Showing 2 changed files with 614 additions and 8 deletions.
diff --git a/content/docs/introduction/welcome/en.md b/content/docs/introduction/welcome/en.md
@@ -1,11 +1,314 @@
 ---
-title: Welcome
+title: "Welcome"
 weight: 10
+description: "How did CUE come about and what are its principles."
 ---
 
-## Heading 2 example
+## Intro
 
-This page will include a general welcome to CUE the open source project.
+CUE is an open-source data validation language and inference engine
+with its roots in logic programming.
+Although the language is not a general-purpose programming language,
+it has many applications, such as
+data validation, data templating, configuration, querying,
+code generation and even scripting.
+The inference engine can be used to validate
+data in code or to include it as part of a code generation pipeline.
 
-It will likely not contain any sub pages.
+A key thing that sets CUE apart from its peer languages
+is that it merges types and values into a single concept.
+Whereas in most languages types and values are strictly distinct,
+CUE orders them in a single hierarchy (a lattice, to be precise).
+This is a very powerful concept that allows CUE to do
+many fancy things.
+It also simplifies matters.
+For instance, there is no need for generics and enums, sum types
+and null coalescing are all the same thing.
 
+
+## Applications
+
+CUE's design ensures that combining CUE values in any
+order always gives the same result
+(it is associative, commutative and idempotent).
+This makes CUE particularly well-suited for cases where CUE
+constraints are combined from different sources:
+
+- Data validation: different departments or groups can each
+define their own constraints to apply to the same set of data.
+
+- Code extraction and generation: extract CUE definitions from
+multiple sources (Go code, Protobuf), combine them into a single
+definition, and use that to generate definitions in another
+format (e.g. OpenAPI).
+
+- Configuration: values can be combined from different sources
+  without one having to import the other.
+
+The ordering of values also allows set containment analysis of entire
+configurations.
+Where most validation systems are limited to checking whether a concrete
+value matches a schema, CUE can validate whether any instance of
+one schema is also an instance of another (is it backwards compatible?),
+or compute a new schema that represents all instances that match
+two other schema.
+
+
+## History
+
+Although it is a very different language, the roots of CUE lie in GCL,
+the dominant configuration language in use at Google as of this writing.
+It was originally designed to configure Borg, the predecessor of Kubernetes.
+In fact, the original idea was to use graph unification as used in CUE for GCL.

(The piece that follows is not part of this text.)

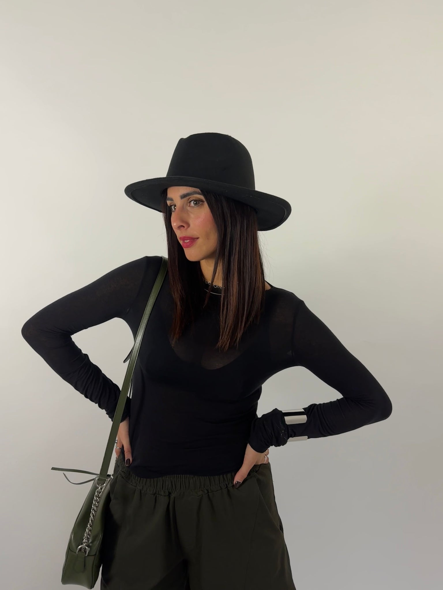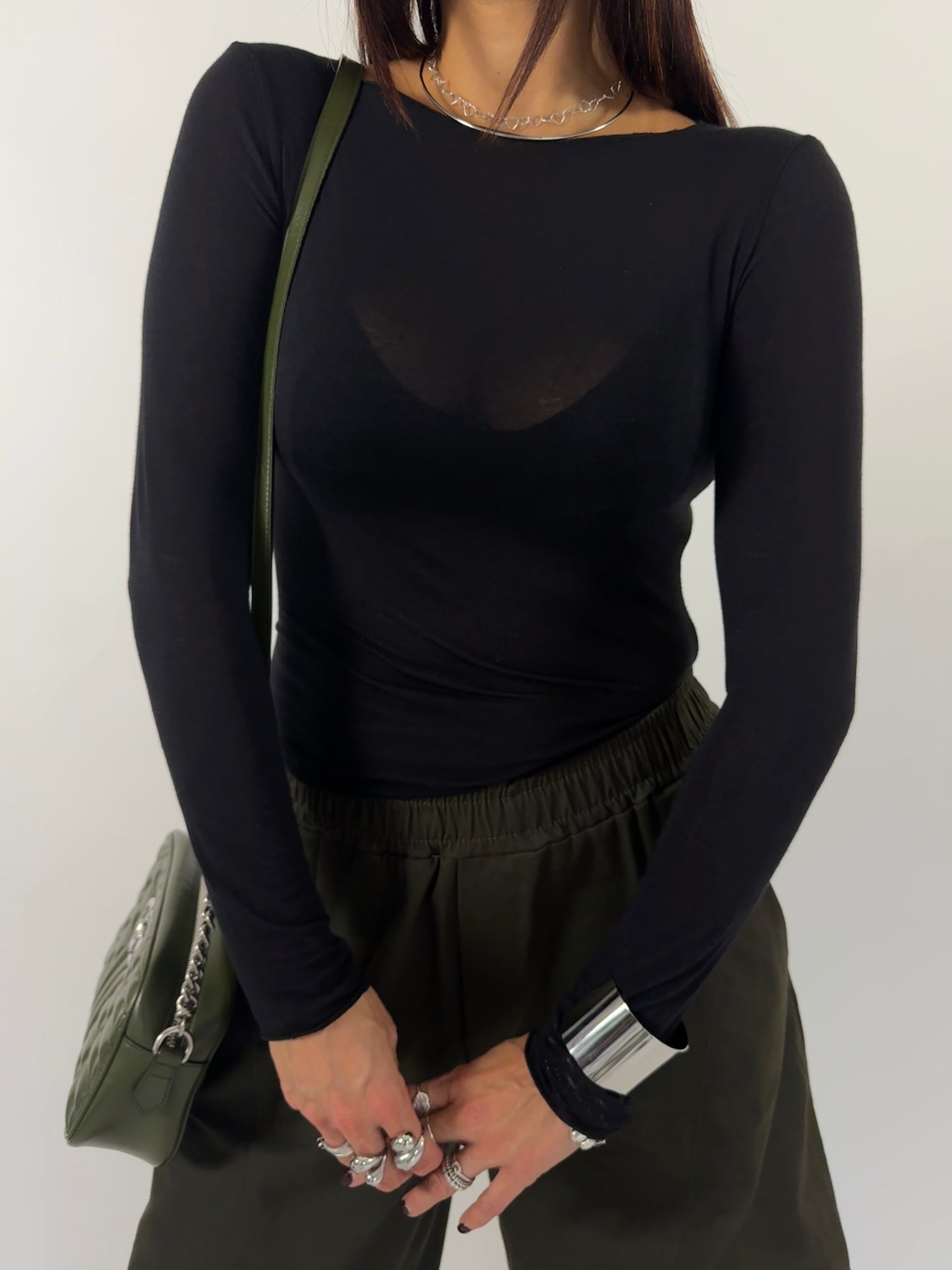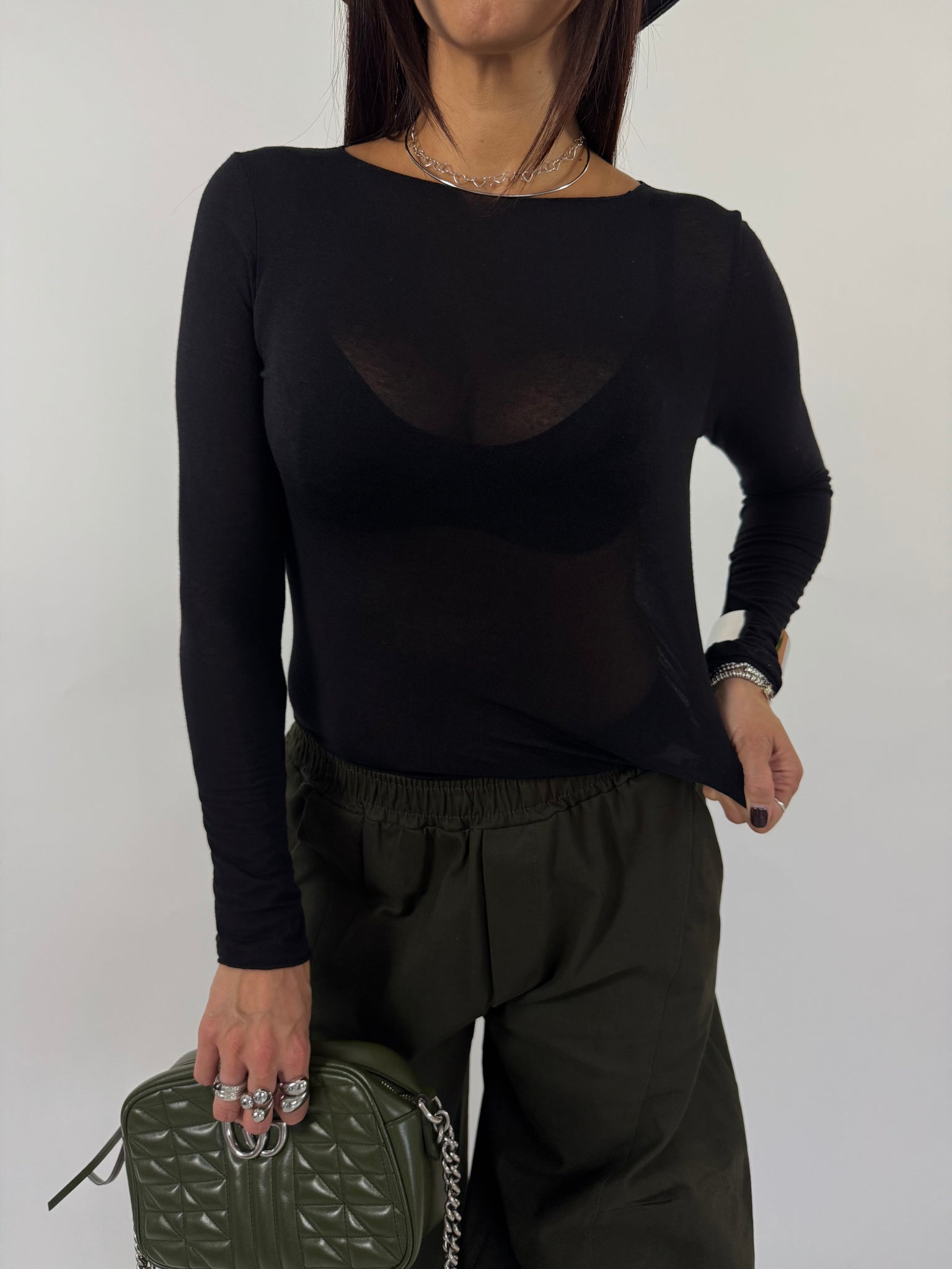 T-shirt manica lunga misto viascosa e cachemire, tessuto leggermente trasparente, molto morbida ed elasticizzata.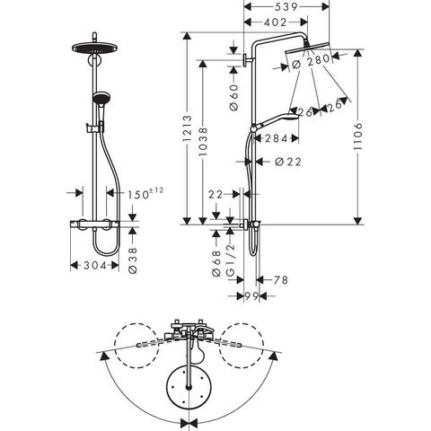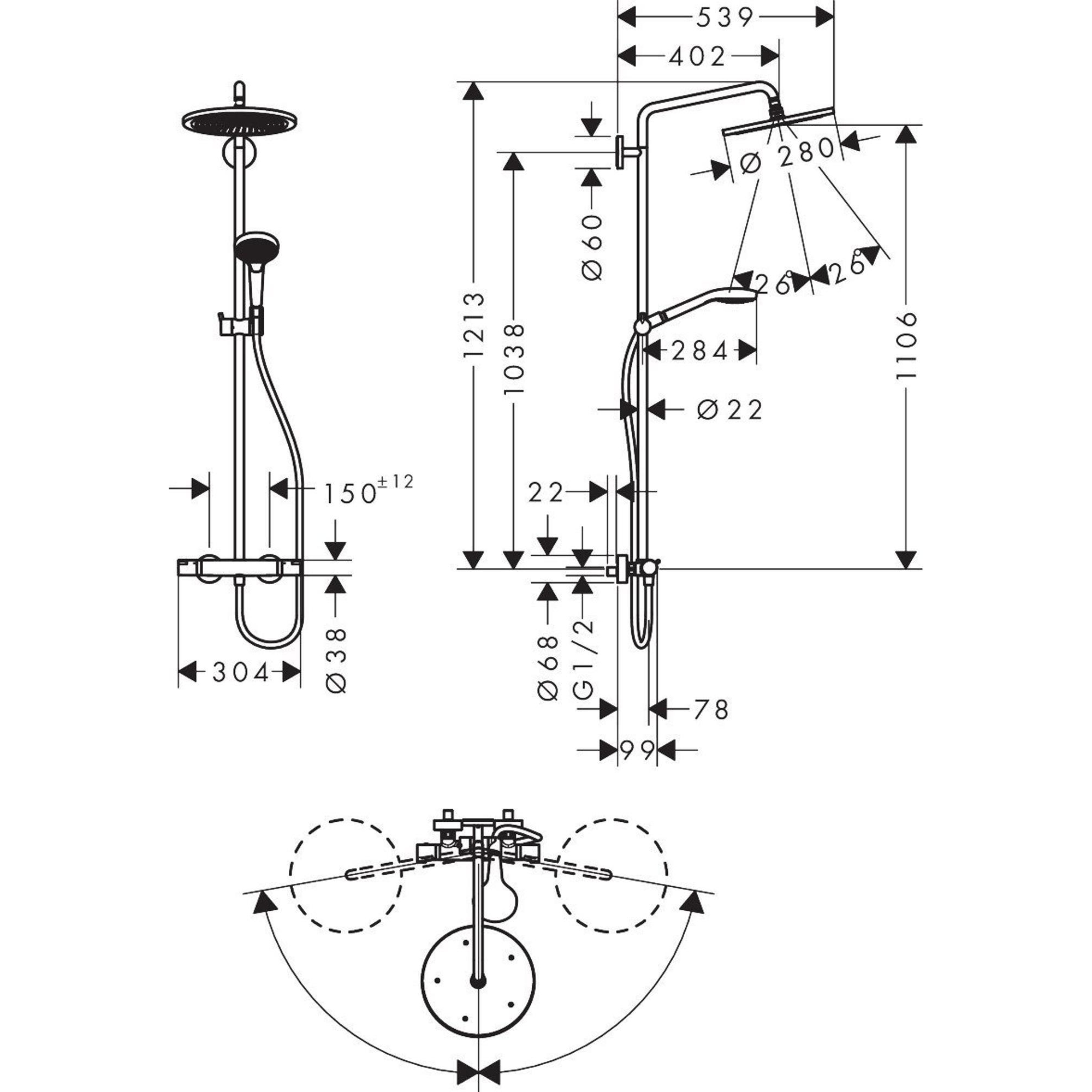 Hansgrohe Croma select s 280 showerpipe avec thermostat chrome

+One of the authors of GCL had extensive experience with such systems and
+experienced the benefit of being able to compute and reason with types for the
+creation of powerful tooling.
+
+The graph unification model CUE is based on
+was in common use in computational linguistics at that time and was
+successfully used to manage grammars and lexicons of over 100k lines of
+declarative definitions.
+These were effectively very large
+configurations of something as irregular and complex as a human language.
+A property of these systems were that the types, or constraints, one
+defines validate the data while simultaneously reducing boilerplate.
+Overall, this approach seemed to be extremely well-suited
+for cloud configuration.
+
+However, the early design of GCL went for something simpler that coincidentally
+was also incompatible with the notion of graph unification.
+This simpler approach proved insufficient, but it was already too late to
+move to the earlier foreseen approach.
+Instead, an inheritance-based override model was adopted.
+Its complexity made the earlier foreseen tooling intractable
+and they never materialized.
+The same holds for the GCL offsprings that copied its model.
+
+CUE goes back to the original idea of using a constraint-based approach and
+also makes an effort to incorporate lessons learned from 15 years of GCL usage.
+This also includes lessons learned from offsprings and different approaches to
+configuration altogether.
+
+
+## Philosophy and principles
+
+### Types are Values
+
+CUE does not distinguish between values and types.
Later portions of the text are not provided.